STORED DATA
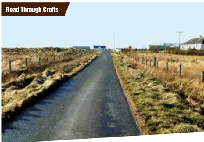
Road Through Crofts

walking through machair fields. Machair (a gaelic word meaning fertile plain) is formed by the sand from the beach, the remains of crushed up shells, being blown inland onto the naturally peaty soils. In spring and summer the machair boasts a multitude of flowers: daisies, primroses, buttercups, bedstraws, trefoil, vetches and more. Exactly which flowers are in bloom depend upon the time of year and the individual location.
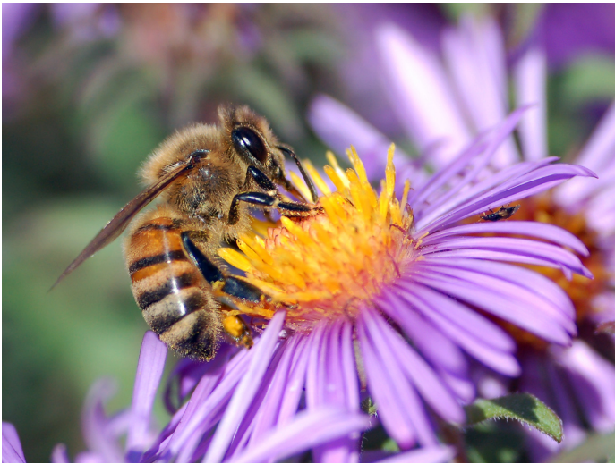
Pollinators at Work

PROBLEM
Excluding pictures, reproduce the listing above exactly as it stands.

SOLUTION
Road Through Crofts

walking through machair fields. Machair (a gaelic word meaning fertile plain) is formed by the sand from the beach, the remains of crushed up shells, being blown inland onto the naturally peaty soils. In spring and summer the machair boasts a multitude of flowers: daisies, primroses, buttercups, bedstraws, trefoil, vetches and more. Exactly which flowers are in bloom depend upon the time of year and the individual location.
Pollinators at Work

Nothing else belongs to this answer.